--- START ---

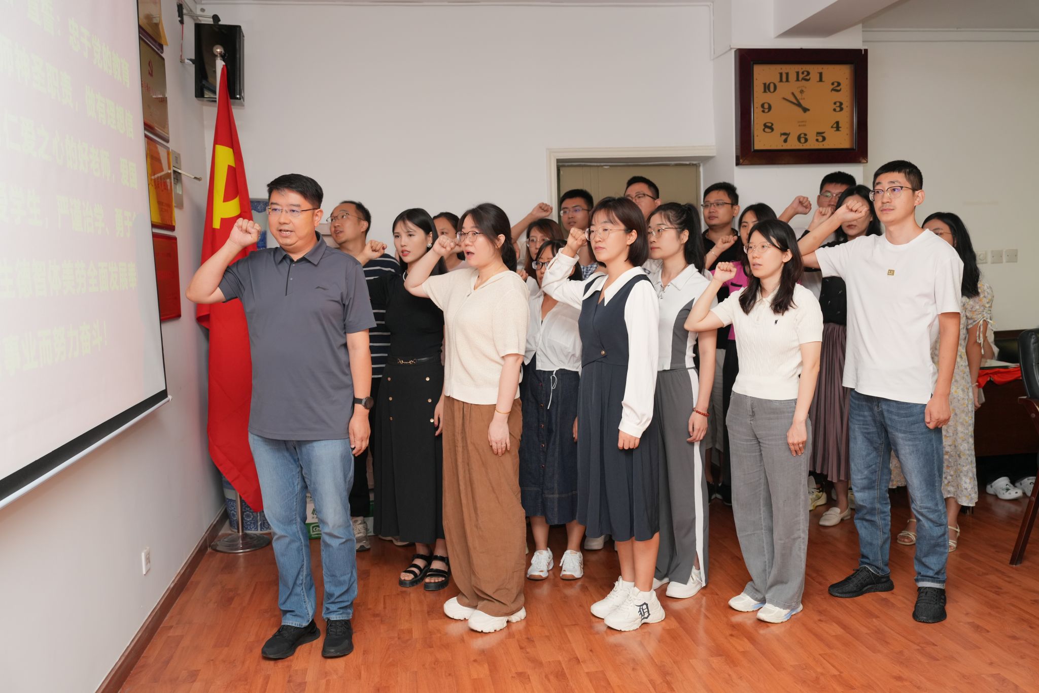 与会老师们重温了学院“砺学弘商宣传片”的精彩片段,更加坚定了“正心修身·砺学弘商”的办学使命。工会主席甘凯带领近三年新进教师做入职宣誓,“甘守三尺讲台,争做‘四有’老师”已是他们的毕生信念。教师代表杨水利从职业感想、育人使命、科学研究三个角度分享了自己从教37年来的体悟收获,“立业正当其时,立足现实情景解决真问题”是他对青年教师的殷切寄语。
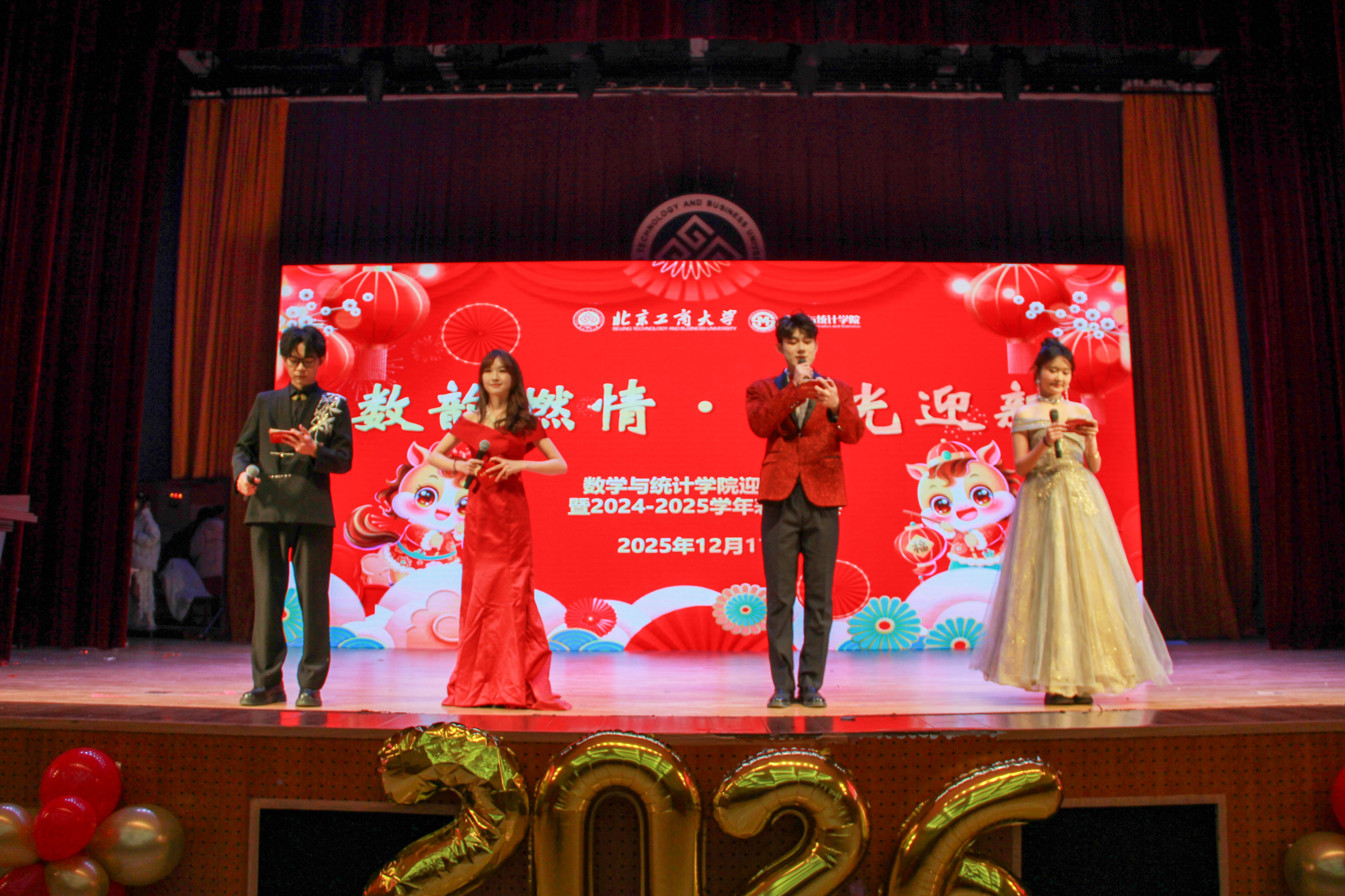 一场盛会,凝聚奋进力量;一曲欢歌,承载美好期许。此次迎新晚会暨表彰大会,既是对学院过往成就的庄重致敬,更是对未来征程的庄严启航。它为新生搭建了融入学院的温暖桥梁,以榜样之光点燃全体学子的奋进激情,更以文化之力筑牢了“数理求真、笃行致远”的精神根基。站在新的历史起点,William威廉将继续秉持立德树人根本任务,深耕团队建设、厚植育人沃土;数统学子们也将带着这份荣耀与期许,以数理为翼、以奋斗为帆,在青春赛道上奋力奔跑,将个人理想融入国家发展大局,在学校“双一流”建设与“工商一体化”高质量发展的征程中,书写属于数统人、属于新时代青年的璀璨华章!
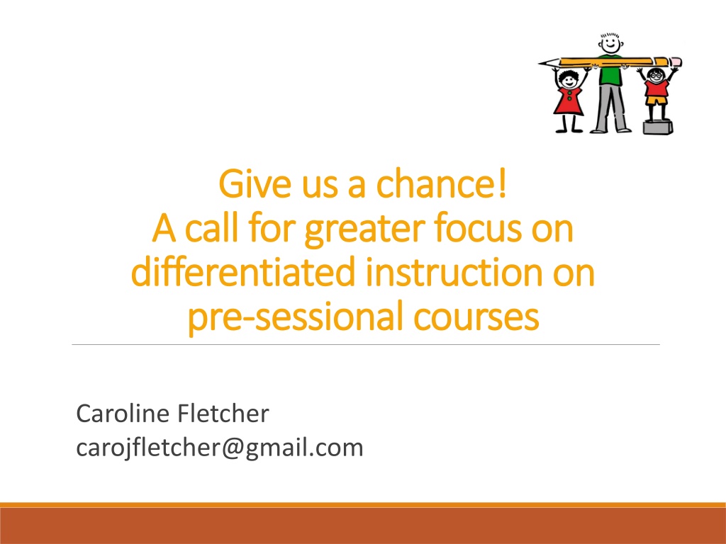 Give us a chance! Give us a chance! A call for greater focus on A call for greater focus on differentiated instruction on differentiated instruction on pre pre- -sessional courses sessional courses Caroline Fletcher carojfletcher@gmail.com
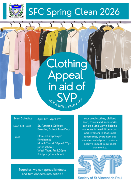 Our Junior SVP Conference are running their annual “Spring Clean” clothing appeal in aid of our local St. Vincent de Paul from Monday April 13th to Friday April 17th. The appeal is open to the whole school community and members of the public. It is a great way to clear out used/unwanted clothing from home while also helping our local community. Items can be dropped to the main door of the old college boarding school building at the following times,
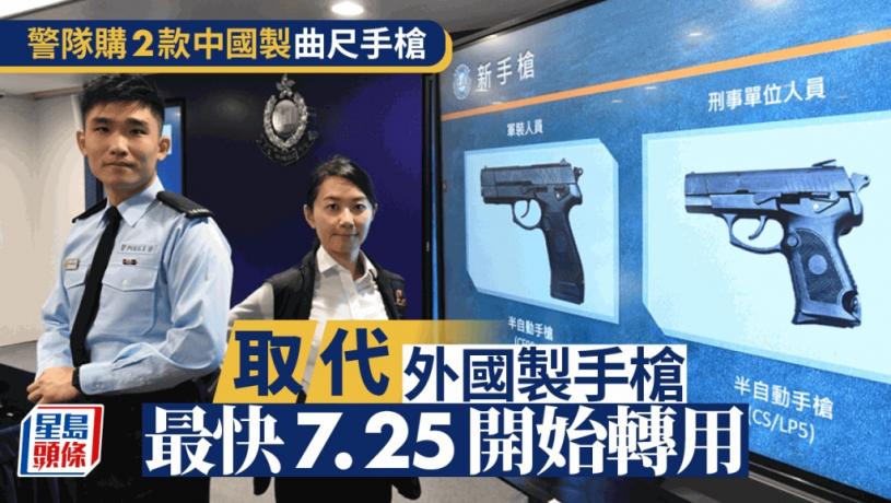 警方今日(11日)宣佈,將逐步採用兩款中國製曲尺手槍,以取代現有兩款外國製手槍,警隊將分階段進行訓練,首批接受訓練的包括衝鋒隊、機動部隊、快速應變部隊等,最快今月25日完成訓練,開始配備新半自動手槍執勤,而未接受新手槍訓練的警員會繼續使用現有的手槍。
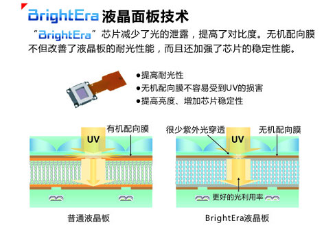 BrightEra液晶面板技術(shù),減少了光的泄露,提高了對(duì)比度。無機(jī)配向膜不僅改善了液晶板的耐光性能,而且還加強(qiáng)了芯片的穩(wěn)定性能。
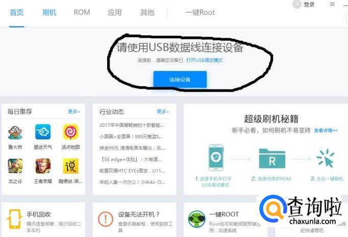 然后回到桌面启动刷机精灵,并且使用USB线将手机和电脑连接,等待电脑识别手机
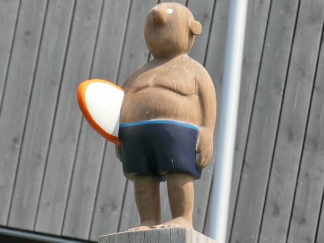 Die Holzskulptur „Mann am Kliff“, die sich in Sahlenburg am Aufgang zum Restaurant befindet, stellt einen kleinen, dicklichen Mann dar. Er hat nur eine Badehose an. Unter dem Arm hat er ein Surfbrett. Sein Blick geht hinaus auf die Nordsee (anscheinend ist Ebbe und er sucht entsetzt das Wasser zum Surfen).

--- END ---
--- START ---

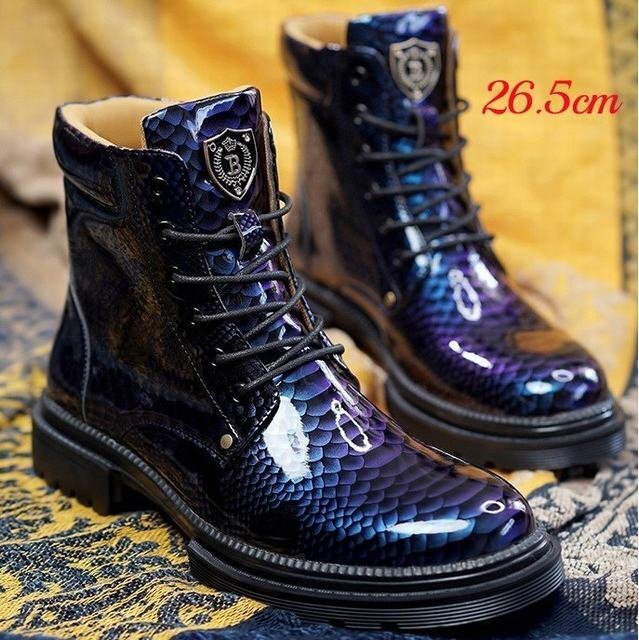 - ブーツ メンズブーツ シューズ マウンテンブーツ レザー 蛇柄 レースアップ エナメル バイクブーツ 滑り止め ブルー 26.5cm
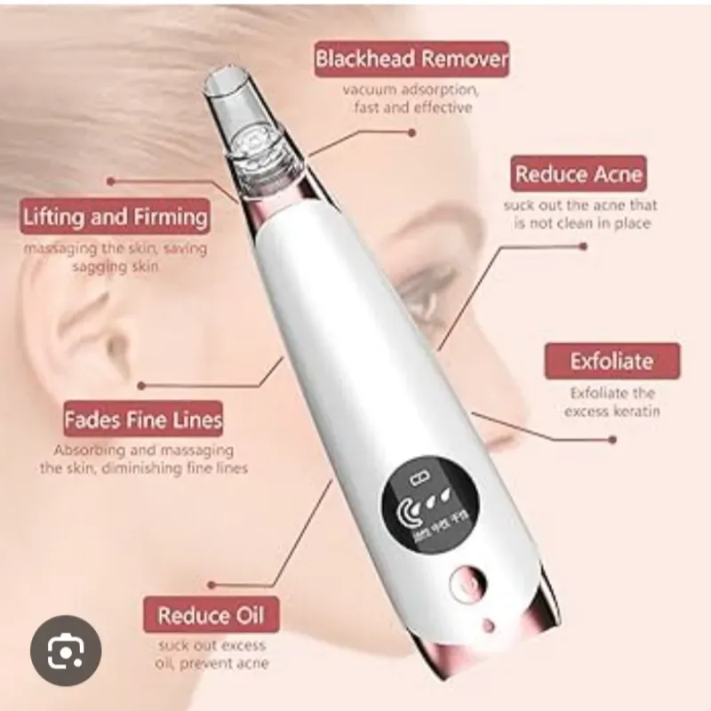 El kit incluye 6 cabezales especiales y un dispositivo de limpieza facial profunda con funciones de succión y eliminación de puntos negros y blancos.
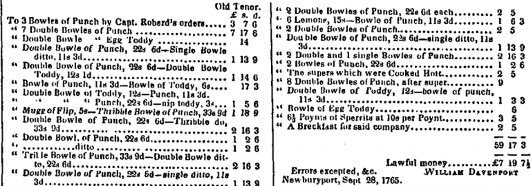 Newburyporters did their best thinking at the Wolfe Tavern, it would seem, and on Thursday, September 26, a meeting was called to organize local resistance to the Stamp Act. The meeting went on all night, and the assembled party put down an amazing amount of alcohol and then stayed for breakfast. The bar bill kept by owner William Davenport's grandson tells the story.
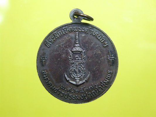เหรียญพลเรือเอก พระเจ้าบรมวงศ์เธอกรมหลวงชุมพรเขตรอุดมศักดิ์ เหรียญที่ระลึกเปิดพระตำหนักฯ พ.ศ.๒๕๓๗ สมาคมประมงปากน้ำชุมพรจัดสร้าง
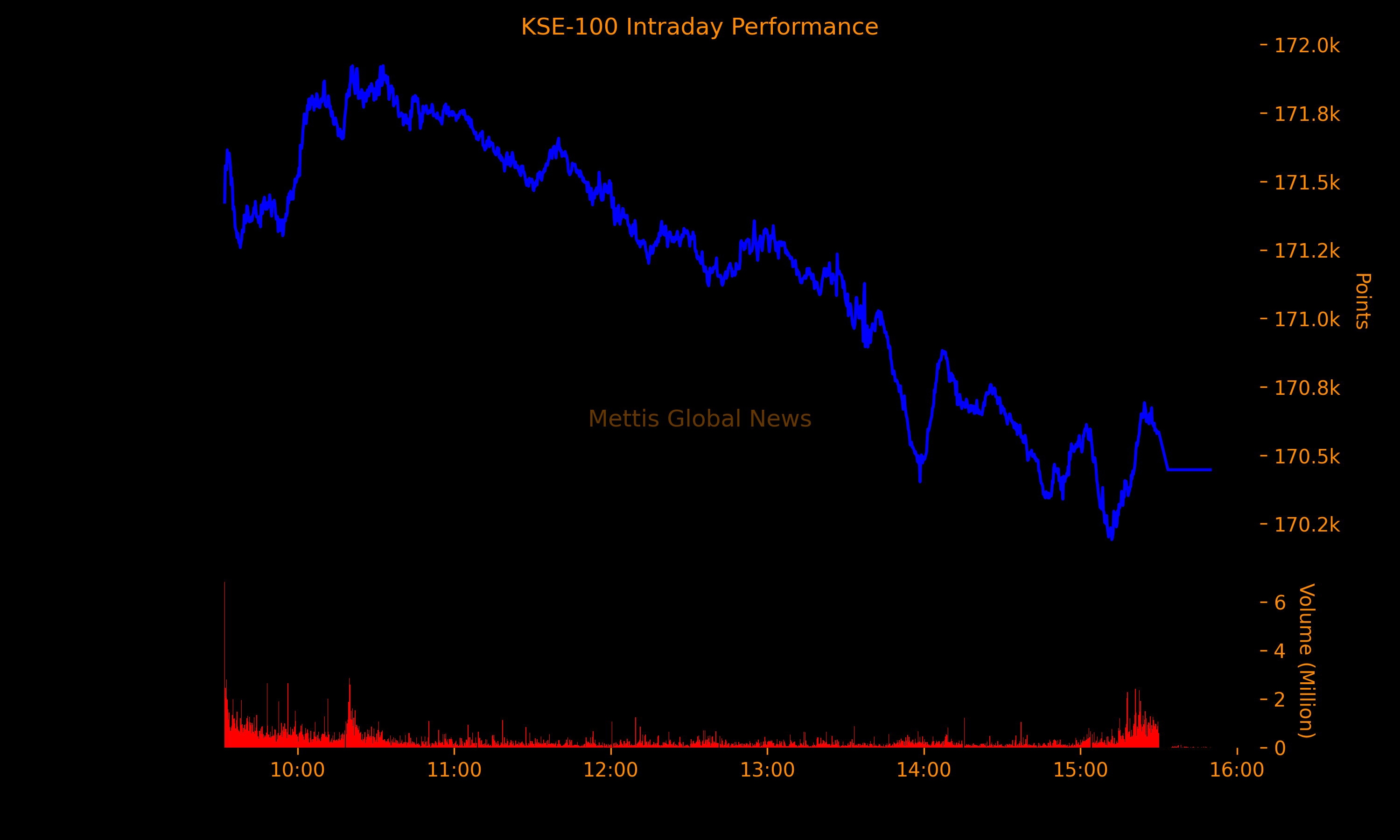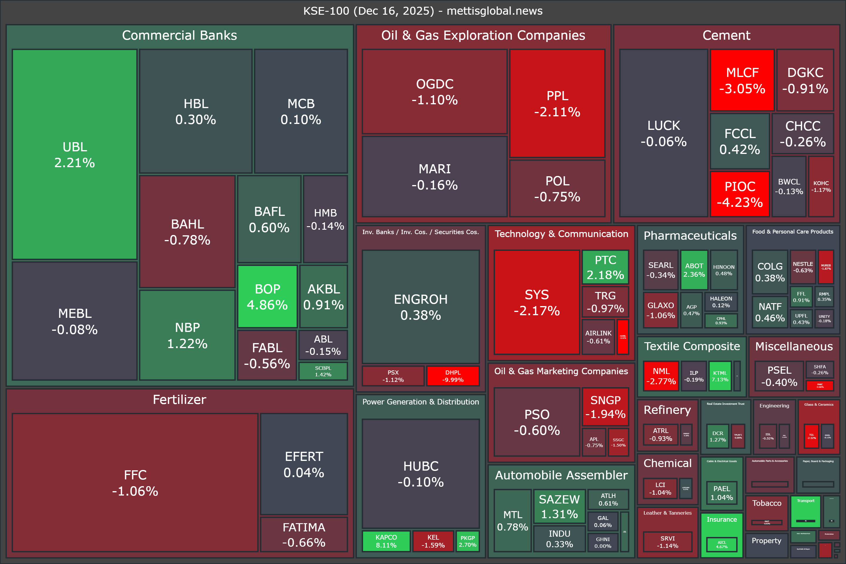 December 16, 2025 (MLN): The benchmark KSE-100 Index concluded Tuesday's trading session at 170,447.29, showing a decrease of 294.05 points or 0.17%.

--- END ---
--- START ---

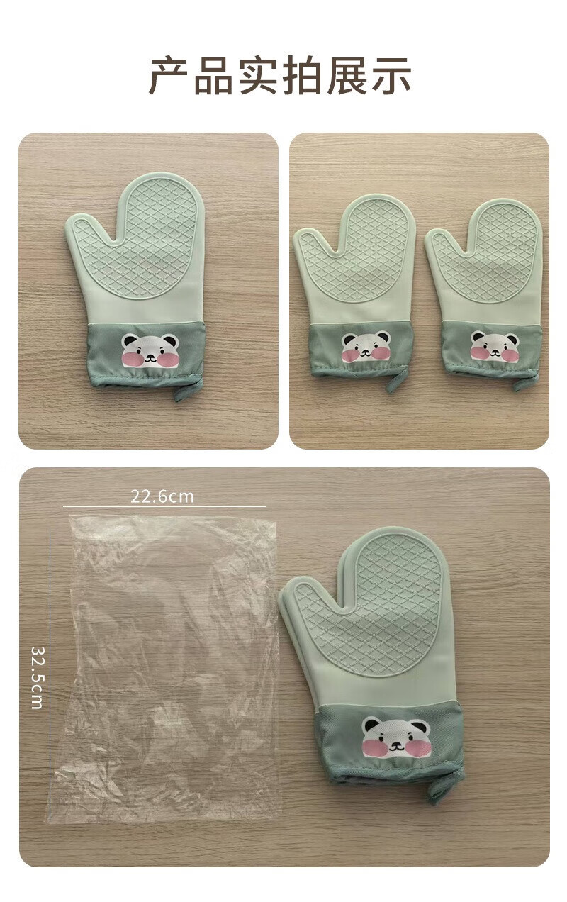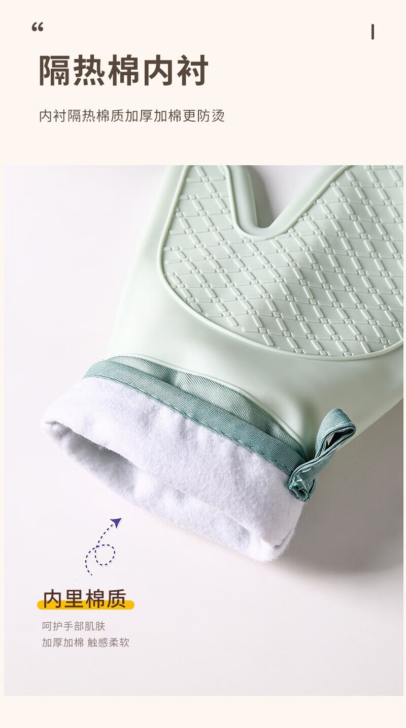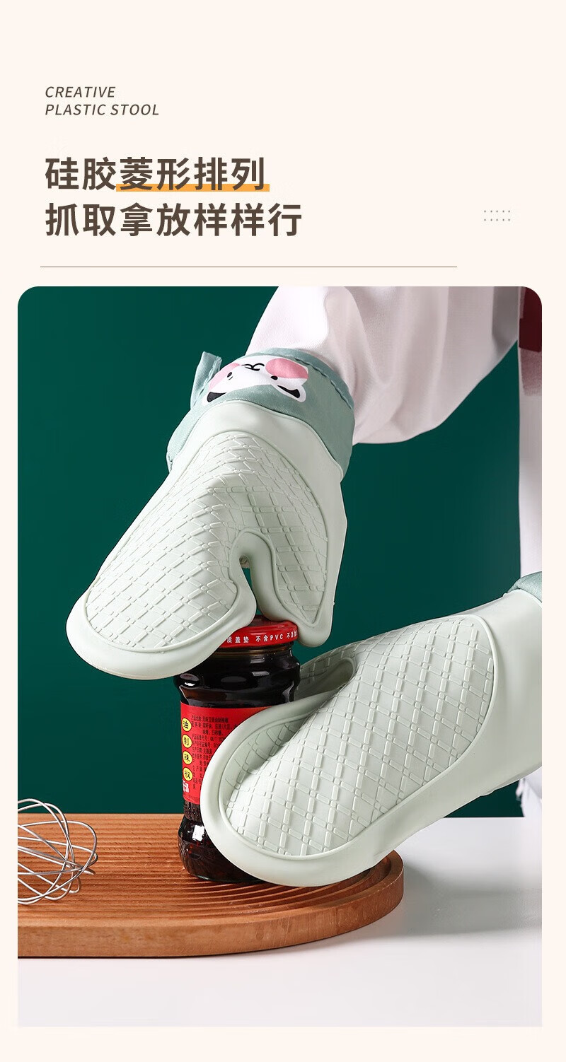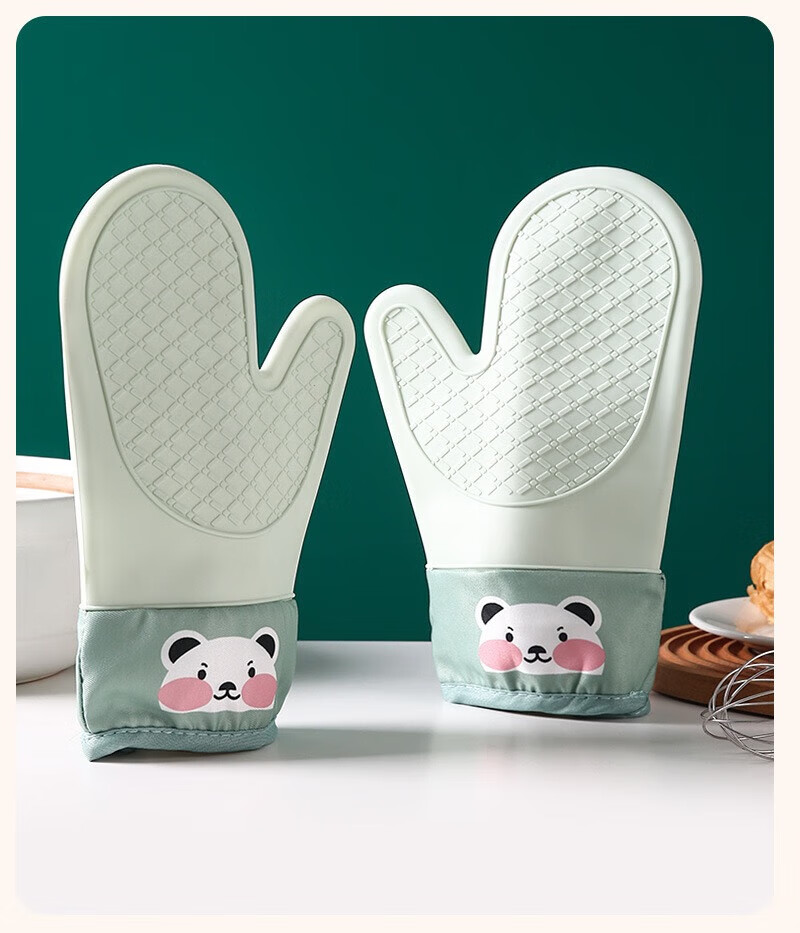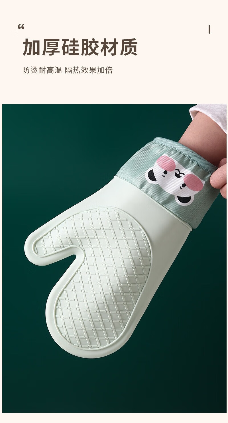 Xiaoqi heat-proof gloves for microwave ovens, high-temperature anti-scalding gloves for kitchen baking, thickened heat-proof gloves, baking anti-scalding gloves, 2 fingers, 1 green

--- END ---

Exercise details
In the entries above, find the line containing "Our Junior SVP" and the line containing "Die Holzskulptur „Mann", then copy both and every line between them exactly, without any picture.

Solution to the exercise
 Our Junior SVP Conference are running their annual “Spring Clean” clothing appeal in aid of our local St. Vincent de Paul from Monday April 13th to Friday April 17th. The appeal is open to the whole school community and members of the public. It is a great way to clear out used/unwanted clothing from home while also helping our local community. Items can be dropped to the main door of the old college boarding school building at the following times,
 警方今日(11日)宣佈,將逐步採用兩款中國製曲尺手槍,以取代現有兩款外國製手槍,警隊將分階段進行訓練,首批接受訓練的包括衝鋒隊、機動部隊、快速應變部隊等,最快今月25日完成訓練,開始配備新半自動手槍執勤,而未接受新手槍訓練的警員會繼續使用現有的手槍。
 BrightEra液晶面板技術(shù),減少了光的泄露,提高了對(duì)比度。無機(jī)配向膜不僅改善了液晶板的耐光性能,而且還加強(qiáng)了芯片的穩(wěn)定性能。
 然后回到桌面启动刷机精灵,并且使用USB线将手机和电脑连接,等待电脑识别手机
 Die Holzskulptur „Mann am Kliff“, die sich in Sahlenburg am Aufgang zum Restaurant befindet, stellt einen kleinen, dicklichen Mann dar. Er hat nur eine Badehose an. Unter dem Arm hat er ein Surfbrett. Sein Blick geht hinaus auf die Nordsee (anscheinend ist Ebbe und er sucht entsetzt das Wasser zum Surfen).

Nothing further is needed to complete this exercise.